Is there some more general rule here? I thing Result is probably the same: Return Result<&T, &E> instead of &Result<T, E> right? But for most types I think I'm supposed to a simple reference like &self.field. I'm unsure when to use that default rule, and when to use some more specialized rule.
Well, I'd say that if you really need to return a result with references, then I'd return a Result<&T, E> instead because there is no reason to keep a reference to the error, as at some point it would either be dropped (In case of execution change) or cause a panic (At which point dropping a String or a small error struct doesn't really matter)
lets you modify the option itself, so you can call take() on it, leaving None in the field, and the next call to option1_mut() will return None.
In contrast, option2_mut() only lets you modify the value inside the option, so every consecutive call to option2_mut() will return the same Option containing whatever value you set previously (or the original one, if you didn't actually modify it).
Choose wisely the option (unintentional pun) than makes sense for this particular field and this particular data structure that you're writing. For example, it makes sense to return a mutable reference to the option itself, if it's an optional configuration parameter that can be changed or "removed" any time. But it wouldn't in case of Vec::last_mut(), because that would mean that you could remove an element from a vector by calling last_mut(), which sounds crazy. Side note: it's actually slice::last_mut(), but you can call it on a Vec thanks to deref coercion.
I have to concur that Option<&T> is always better than &Option<T>.
For one thing, it's a bit more efficient. The &Option<T> gets represented as a pointer to the tagged union, while the Option<&T> gets optimized to a nullable pointer. Checking &Option<T> for None requires a deference, while checking Option<&T> for None can be done with just the comparison, and digging out the Some value is reduced from a pointer deference with an offset to just a deference with no offset.
For another thing, it's always possible to convert an &Option<T> into an Option<&T>, while it's impossible to go the other way. This means most other libraries expect Option<&T>, because they know it's the most flexible. This includes most of the built-in Option combinators.
And for cases where the type in the option also wants something other then &T (such as String)r is this the simplest way to make that conversion? Seems a bit long to me, but I couldn't find a better way that compiler liked.
The difference between &Option<T> and Option<&T> can be somewhat likened to the difference between &String and &str: the former can be turned into the latter, so if you want to give the caller maximum flexibility, your APIs should accept the latter and return the former (unless doing so would be impossible or inefficient, say because it would require an allocation).
Except that returning the former might be not possible in many cases, since there's no external Option<T> to start with. Did you mean that API should return owned value (such as String or Option<T>)?
Right, you should accept a String if you really need to mutate it, and you should return a &str if you don't have a String to return in the first place. My point is just that you shouldn't weaken those guarantees for no reason.

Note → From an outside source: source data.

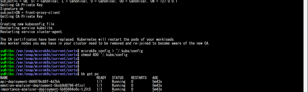 Yuji Yamasaki 23 days ago Follow 【トラブルシューティング】microk8sで「tls: failed to verify certificate」... 久しぶりに microk8s を使用していたら kubectl exec コマンドで pod にアクセスできなかった。DNSを起動して証明書を更新してもうまくいかない。多くの人が1度は通ると思っ... Read more
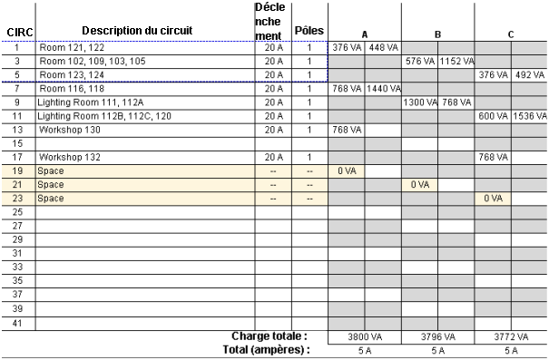 Cette procédure permet de redistribuer les charges dans une nomenclature de tableaux afin d’égaliser autant que possible les charges pour chaque phase. Vous pouvez également rééquilibrer uniquement un sous-ensemble de charges en verrouillant les emplacements que vous souhaitez exclure.
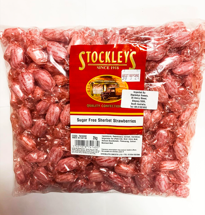 Sugar Free Sherbet strawberry flavoured boiled lollies.
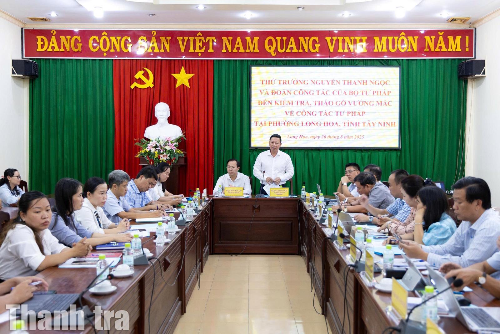 Tham dự buổi làm việc của Thứ trưởng Bộ Tư pháp Nguyễn Thanh Ngọc về tháo gỡ vướng mắc trong công tác tư pháp tại phường Long Hoa có đại diện các cơ quan, đơn vị thuộc Bộ Tư pháp. Về phía tỉnh Tây Ninh, Phó Chủ tịch UBND tỉnh Đoàn Trung Kiên, lãnh đạo các sở, ban, ngành tỉnh và lãnh đạo Đảng ủy, UBND phường Long Hoa đã tiếp và làm việc với Đoàn công tác của Bộ Tư pháp.
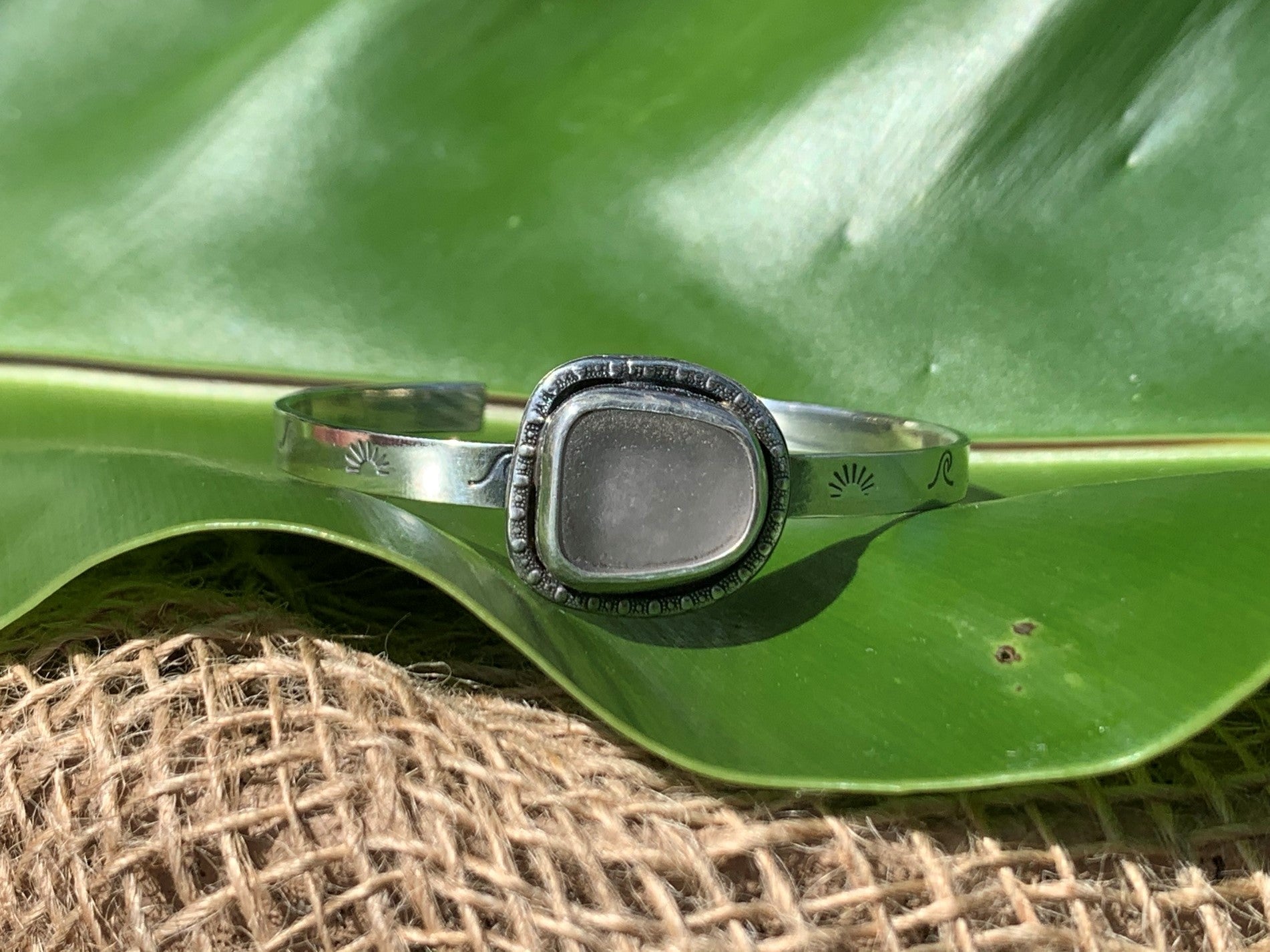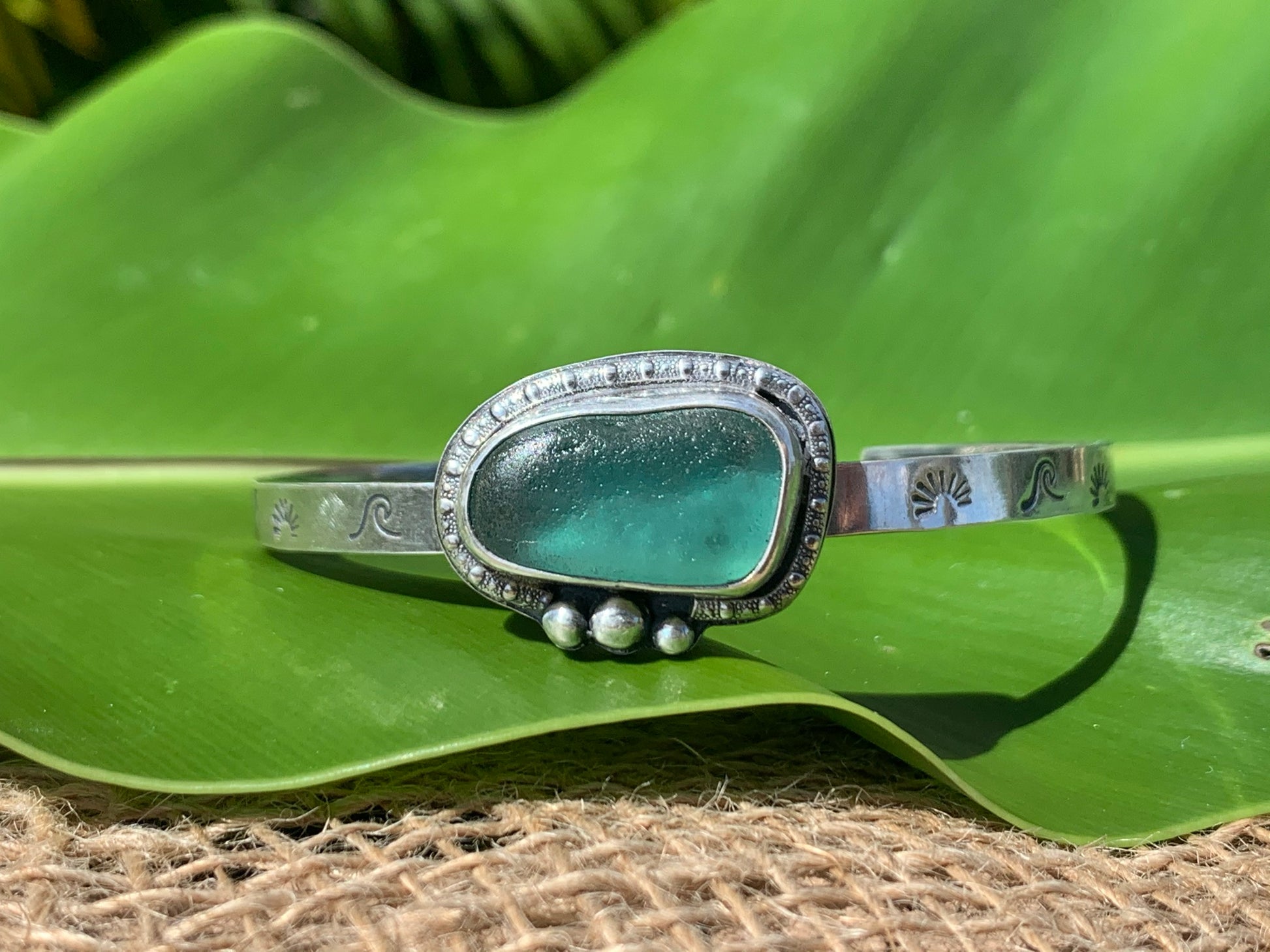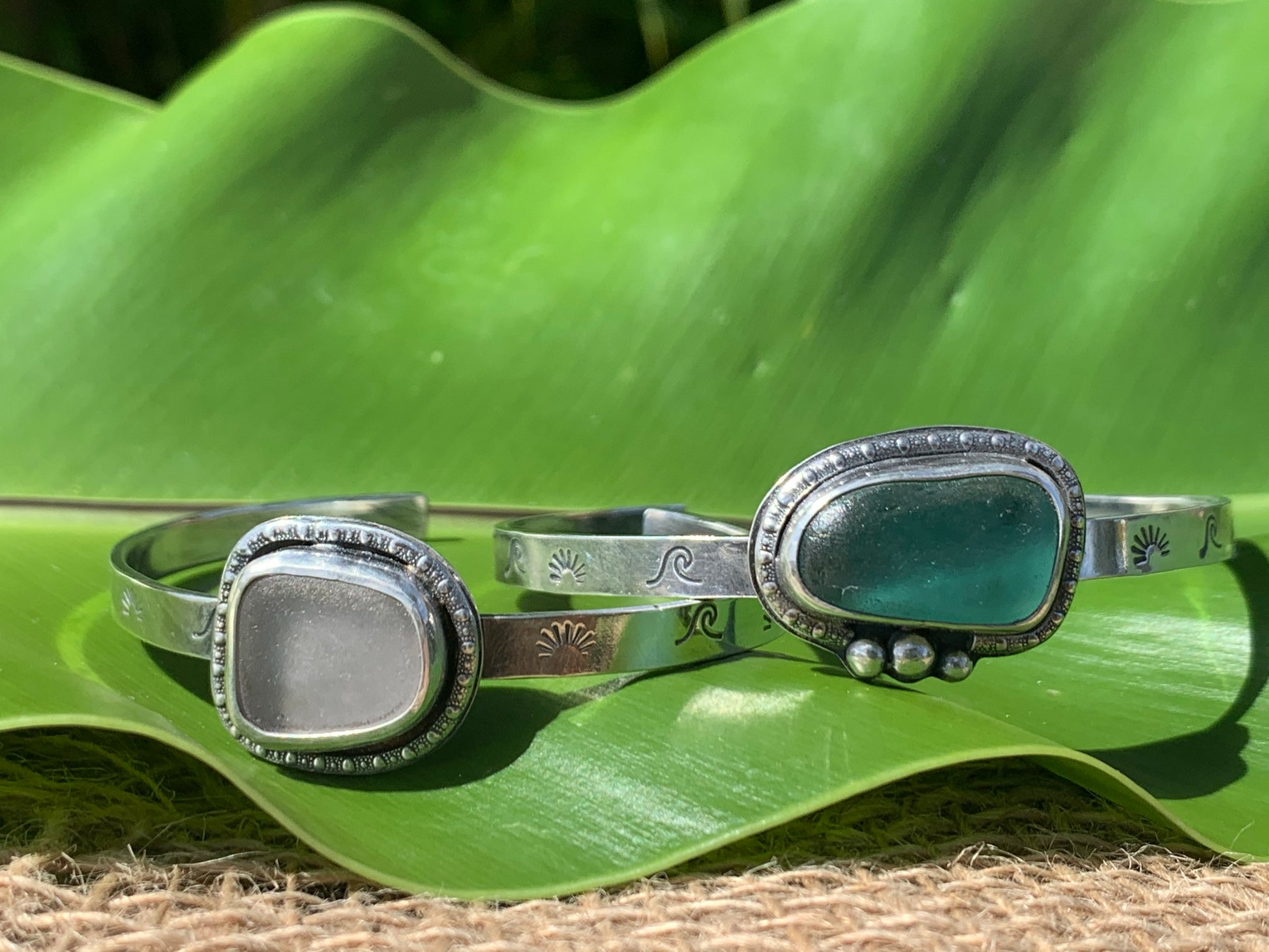 Sea Glass cuff bracelets with beaded wire border. Cuff stamped with waves and rising sun. Slightly adjustable/flexible cuff.
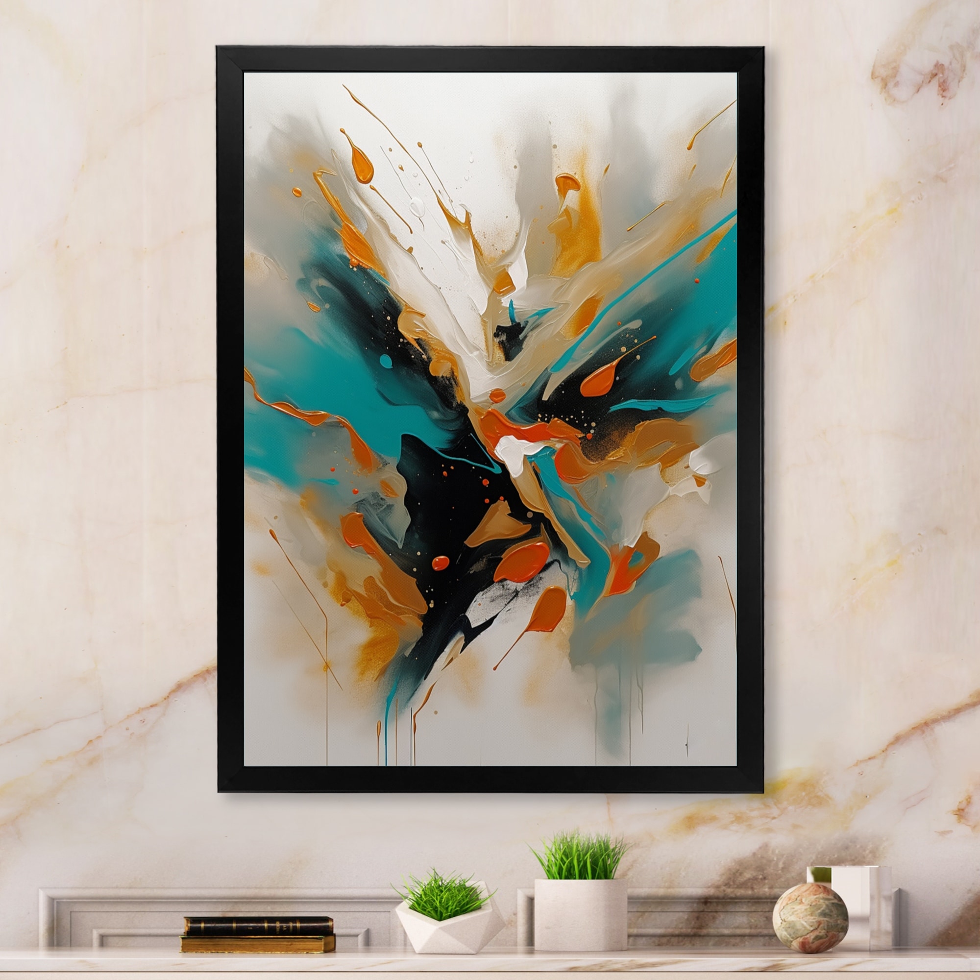 Designart "Paint Brushstrokes Abstract Painted" Abstract Framed Canvas Art Print

There's another reason, which is to enable changes in the underlying implementation. Maybe you'll find you want to change it to an Option<Rc<str>> or something.
It's hard for me to think of cases where returning &String or &Option<String> makes sense. The advantages of these types over &str and Option<&str> are so vanishingly small they might as well not exist! If you're willing to expose that much information, you might as well make the field public.